Now there is 17 of them! Some small changes and there will be a new version.

from nbsdgames.

Nice! I wrote news post. ^__^ https://www.linux.org.ru/news/games/16276697

from nbsdgames.

Cool!
(Also you can keep laying new pipes after the time runs out, the time is for when the fluid will flow)

from nbsdgames.

Hi, thank you for mentioning it. I made a car game with nice ASCII art where you had to hit zombies and avoid humans. It needed such an input/output speed (in order to be challenging) that it would only be playable under Linux TTY, even xterm lagged. So I dropped the project half-way.

I tried making something like ksnakeduel for terminal, but having an AI that would be enough challenge within the gameplay which the speed, graphics and input limits of curses permitted proved to be hard. I tried some fancy algorithms for a while and then simply forgot about it.

I may try making other games in near future.

from nbsdgames.

I made a car game with nice ASCII art where you had to hit zombies and avoid humans.

Sound cool.

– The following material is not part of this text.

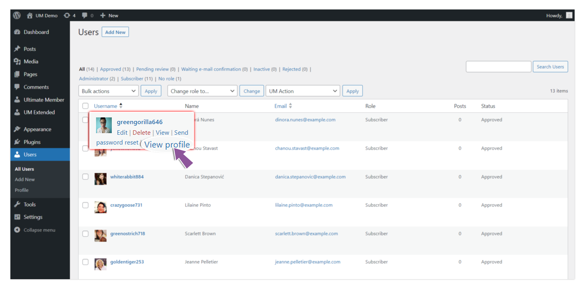 Check the generated dummies in wp-admin > Users. Hover over a dummy user and click "View Profile" to see the dummy account's profile.

It's pity that project is dropped.

I may try making other games in near future.

It's really good. I will wait new version of your awesome games collection. ASCII games are best games ever. ^__^

from nbsdgames.

It is fun to play. I like idea to mix well-known darts game and typing game.

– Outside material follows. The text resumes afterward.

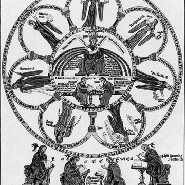 A dama Philosophia tendo abaixo de si Sócrates e Platão e rodeada pelas sete artes liberais

P.S. Wow! Letter 'H' gave me million points. ^__^

https://imgur.com/a/FCEcFFB

from nbsdgames.

Yeah! I beat Rabbithole game. This was not easy.

https://imgur.com/a/k81ICVQ

from nbsdgames.

from nbsdgames.

@abakh, I want write news post on big russian linux forum (my other post about good ascii game - https://www.linux.org.ru/news/games/15907069). Please tell me when you will bump the version number. This is good reason will to write news post.

P.S.

About

A package of 15 text-based modern games

Pls fix it. 16 games. :-)

from nbsdgames.

I've made a FreeBSD port: https://bugs.freebsd.org/bugzilla/show_bug.cgi?id=255346

It might take a few days to be accepted, but then you can do pkg install nbsdgames to get the project (on the “latest” branch; “quarterly” will have to wait until July 2021).

Some changes were needed to get this right. Please consider changes like these for future versions:

• correct the usage of CFLAGS, LDFLAGS, and LDLIBS to be more conventional
• remove the chmod calls (they are potential security problems and should be replaced with a correct user/group setup, e.g. user games and the binaries being setuid games)
• allow the user to set up the scores directory without having to edit config.h (perhaps generate config.h from the Makefile)
• edit the Makefile so it doesn't require GNU make (might already be the case with the current version)
• add a man page for the project so there's at least a landing page for the project in the manual. This page can be hard-linked for all games, so only one is needed if yo don't feel like making one for each game.

from nbsdgames.

@clausecker Thanks!

• I made a LDFLAGS variable and moved linker flags to it
• What security problem? However they are no longer required as the games now fall back into making a file in home if they don't find or can't access the scorefile.
• It did support getting the scorefile address from environment. However config.h seems good enough.
• It no longer requires GNU make.
• Yes, something like that is needed.

I should probably make a Version 4.1. Enough changes have been made.

from nbsdgames.

Your makefile generates score files that are world-writable in a public directory. Suppose there is a bug parsing these score files. One user could overwrite these files with a crafted scores file and then wait for another user to run the game, potentially having him execute arbitrary code.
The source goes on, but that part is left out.